* _Prompt_
Retype the entries exactly, but skip the pictures.

* _Information_
--- START ---

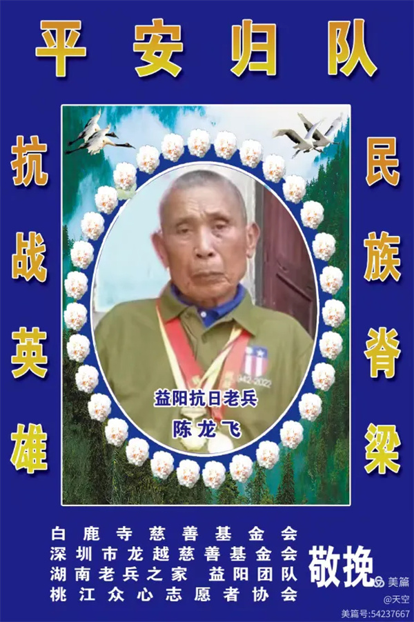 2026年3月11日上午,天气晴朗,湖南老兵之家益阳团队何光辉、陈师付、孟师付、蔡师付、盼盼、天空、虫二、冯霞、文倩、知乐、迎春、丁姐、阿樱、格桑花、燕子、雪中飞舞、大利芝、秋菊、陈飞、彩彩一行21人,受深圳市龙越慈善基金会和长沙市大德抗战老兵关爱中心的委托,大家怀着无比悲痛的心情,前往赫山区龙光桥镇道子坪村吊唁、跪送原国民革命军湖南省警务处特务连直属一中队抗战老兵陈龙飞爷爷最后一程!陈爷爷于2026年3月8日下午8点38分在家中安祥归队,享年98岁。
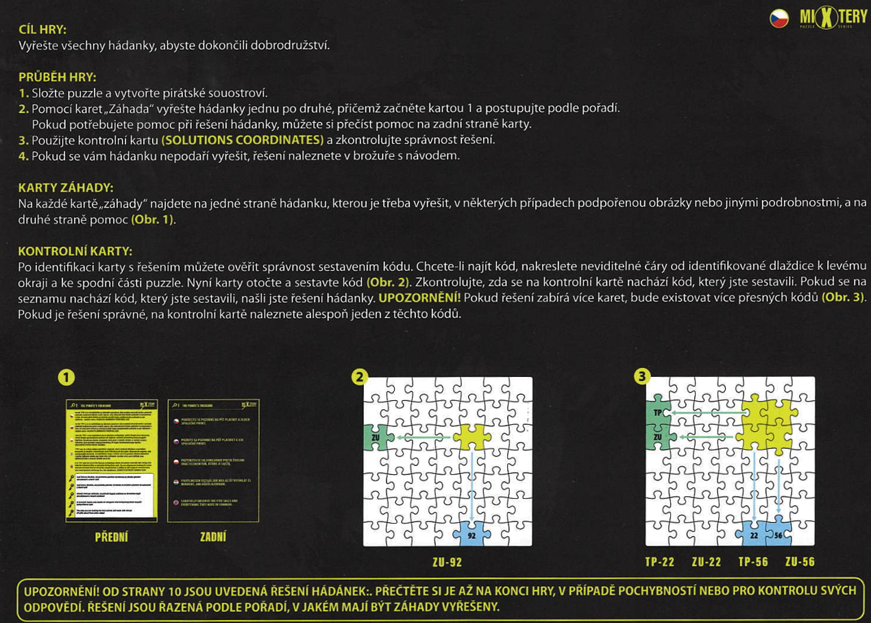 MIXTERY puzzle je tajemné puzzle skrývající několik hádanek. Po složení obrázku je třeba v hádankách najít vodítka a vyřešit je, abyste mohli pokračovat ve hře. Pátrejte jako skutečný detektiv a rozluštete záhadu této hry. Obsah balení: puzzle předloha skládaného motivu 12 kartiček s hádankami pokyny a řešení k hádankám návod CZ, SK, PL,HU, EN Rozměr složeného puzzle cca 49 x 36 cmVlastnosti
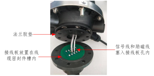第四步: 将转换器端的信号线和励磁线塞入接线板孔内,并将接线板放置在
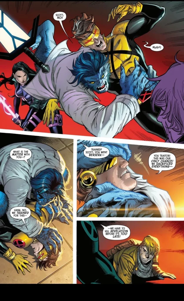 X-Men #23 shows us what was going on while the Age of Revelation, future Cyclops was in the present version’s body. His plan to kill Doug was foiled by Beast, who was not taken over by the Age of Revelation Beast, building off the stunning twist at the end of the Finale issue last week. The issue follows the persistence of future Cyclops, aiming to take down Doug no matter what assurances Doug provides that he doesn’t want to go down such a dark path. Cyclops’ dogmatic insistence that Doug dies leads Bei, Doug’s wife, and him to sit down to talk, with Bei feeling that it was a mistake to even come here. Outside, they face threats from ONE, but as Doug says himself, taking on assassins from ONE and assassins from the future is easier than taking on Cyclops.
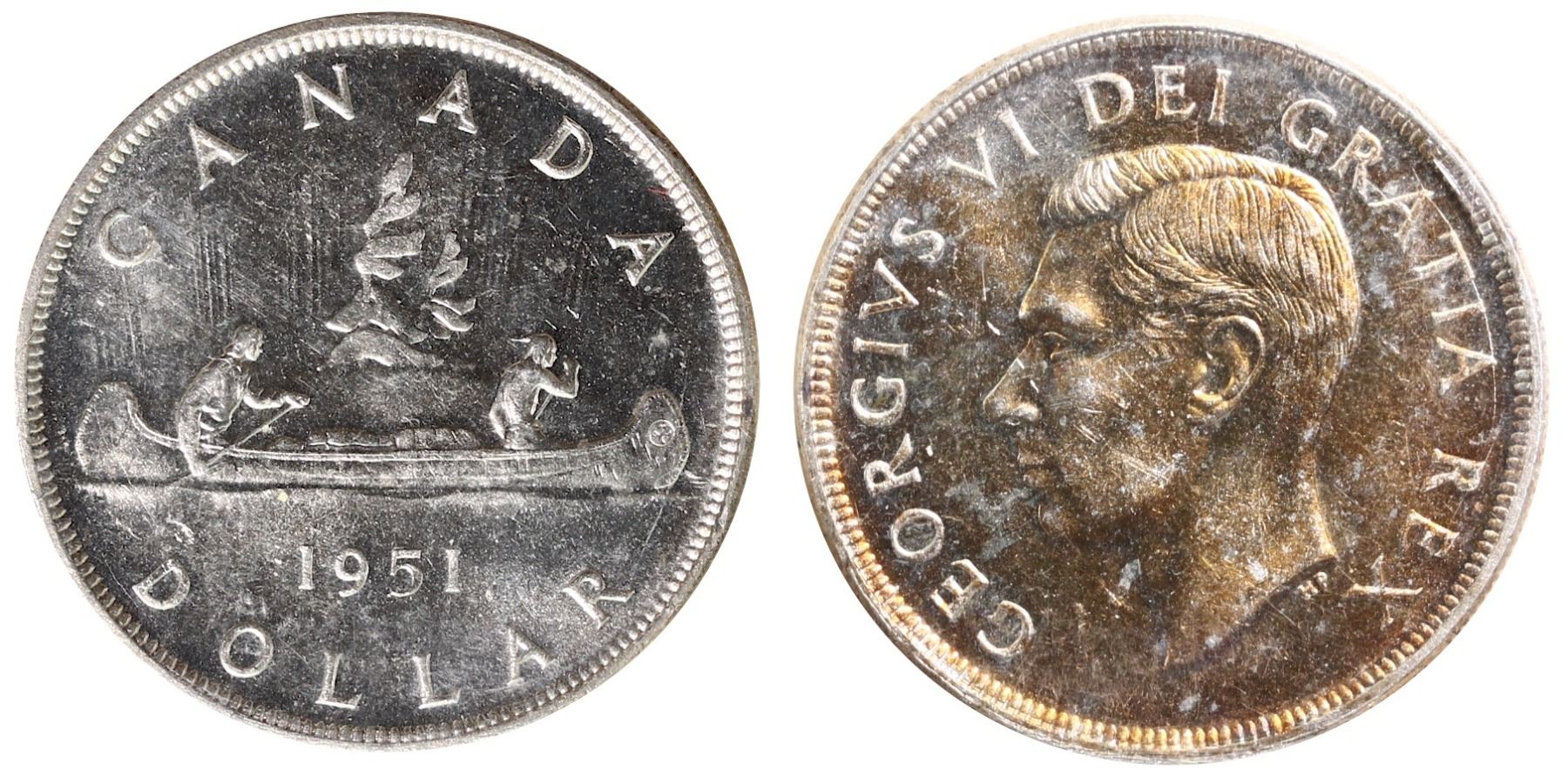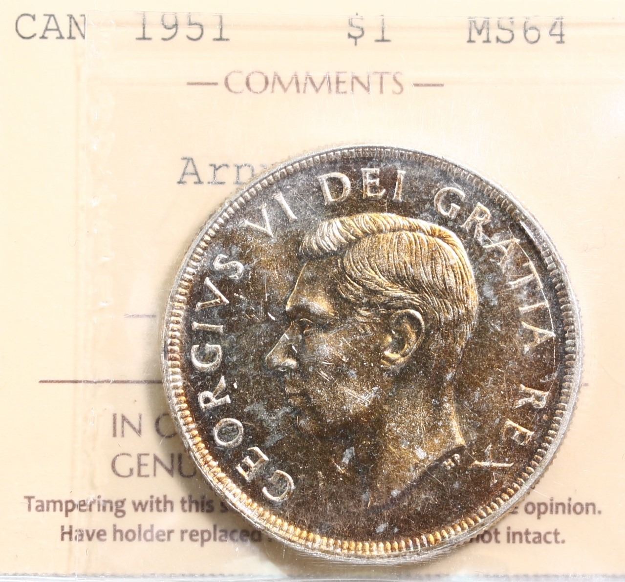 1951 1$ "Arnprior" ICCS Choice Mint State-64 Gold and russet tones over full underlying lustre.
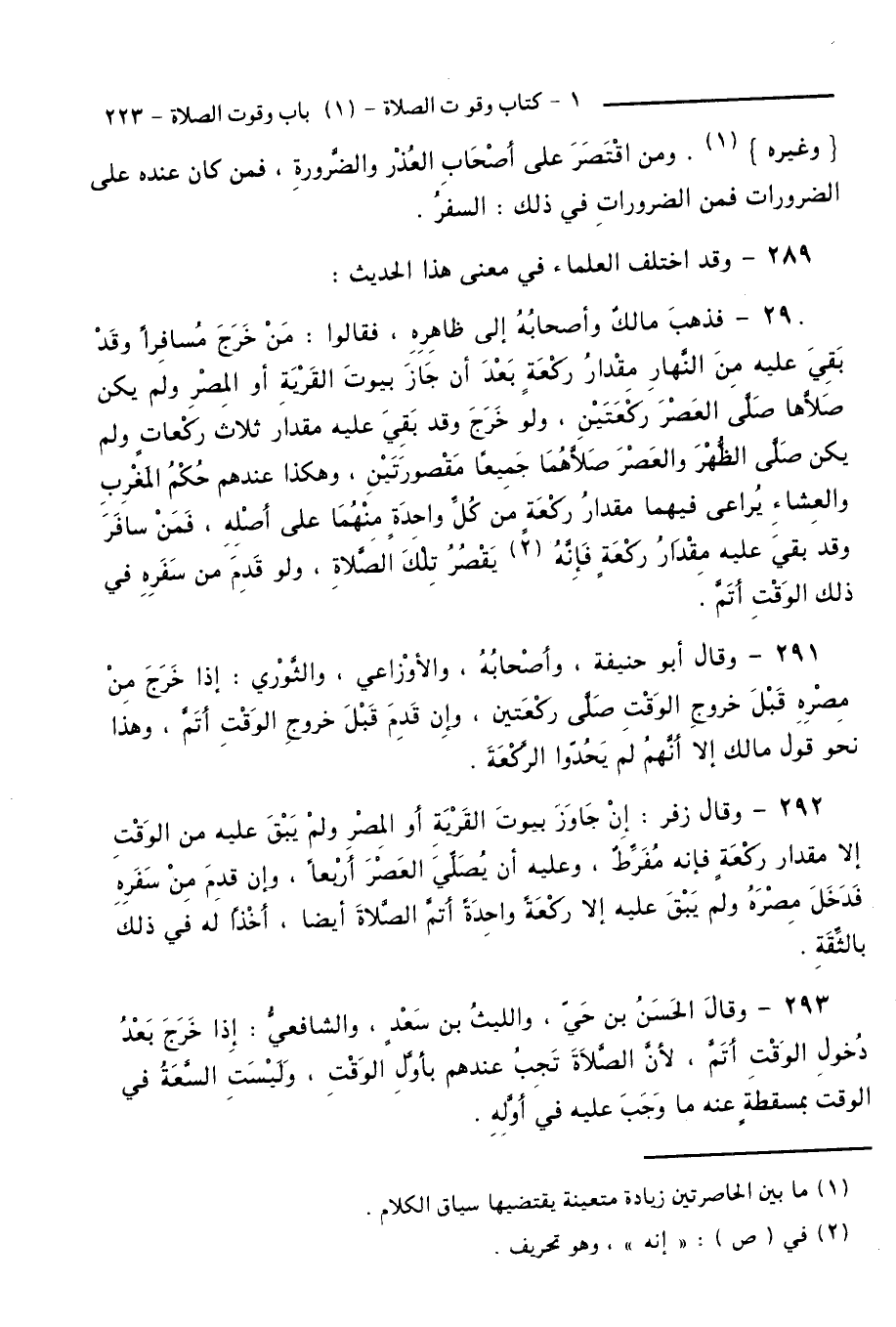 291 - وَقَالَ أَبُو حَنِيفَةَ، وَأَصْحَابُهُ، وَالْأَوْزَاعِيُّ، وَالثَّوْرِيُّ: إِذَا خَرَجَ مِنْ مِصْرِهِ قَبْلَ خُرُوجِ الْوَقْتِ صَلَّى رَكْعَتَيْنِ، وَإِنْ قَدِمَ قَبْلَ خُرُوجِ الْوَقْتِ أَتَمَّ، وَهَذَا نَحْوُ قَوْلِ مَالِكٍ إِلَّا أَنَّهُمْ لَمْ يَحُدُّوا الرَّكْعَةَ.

--- END ---

* _Your solution_
 2026年3月11日上午,天气晴朗,湖南老兵之家益阳团队何光辉、陈师付、孟师付、蔡师付、盼盼、天空、虫二、冯霞、文倩、知乐、迎春、丁姐、阿樱、格桑花、燕子、雪中飞舞、大利芝、秋菊、陈飞、彩彩一行21人,受深圳市龙越慈善基金会和长沙市大德抗战老兵关爱中心的委托,大家怀着无比悲痛的心情,前往赫山区龙光桥镇道子坪村吊唁、跪送原国民革命军湖南省警务处特务连直属一中队抗战老兵陈龙飞爷爷最后一程!陈爷爷于2026年3月8日下午8点38分在家中安祥归队,享年98岁。
 MIXTERY puzzle je tajemné puzzle skrývající několik hádanek. Po složení obrázku je třeba v hádankách najít vodítka a vyřešit je, abyste mohli pokračovat ve hře. Pátrejte jako skutečný detektiv a rozluštete záhadu této hry. Obsah balení: puzzle předloha skládaného motivu 12 kartiček s hádankami pokyny a řešení k hádankám návod CZ, SK, PL,HU, EN Rozměr složeného puzzle cca 49 x 36 cmVlastnosti
第四步: 将转换器端的信号线和励磁线塞入接线板孔内,并将接线板放置在
 X-Men #23 shows us what was going on while the Age of Revelation, future Cyclops was in the present version’s body. His plan to kill Doug was foiled by Beast, who was not taken over by the Age of Revelation Beast, building off the stunning twist at the end of the Finale issue last week. The issue follows the persistence of future Cyclops, aiming to take down Doug no matter what assurances Doug provides that he doesn’t want to go down such a dark path. Cyclops’ dogmatic insistence that Doug dies leads Bei, Doug’s wife, and him to sit down to talk, with Bei feeling that it was a mistake to even come here. Outside, they face threats from ONE, but as Doug says himself, taking on assassins from ONE and assassins from the future is easier than taking on Cyclops.
 1951 1$ "Arnprior" ICCS Choice Mint State-64 Gold and russet tones over full underlying lustre.
 291 - وَقَالَ أَبُو حَنِيفَةَ، وَأَصْحَابُهُ، وَالْأَوْزَاعِيُّ، وَالثَّوْرِيُّ: إِذَا خَرَجَ مِنْ مِصْرِهِ قَبْلَ خُرُوجِ الْوَقْتِ صَلَّى رَكْعَتَيْنِ، وَإِنْ قَدِمَ قَبْلَ خُرُوجِ الْوَقْتِ أَتَمَّ، وَهَذَا نَحْوُ قَوْلِ مَالِكٍ إِلَّا أَنَّهُمْ لَمْ يَحُدُّوا الرَّكْعَةَ.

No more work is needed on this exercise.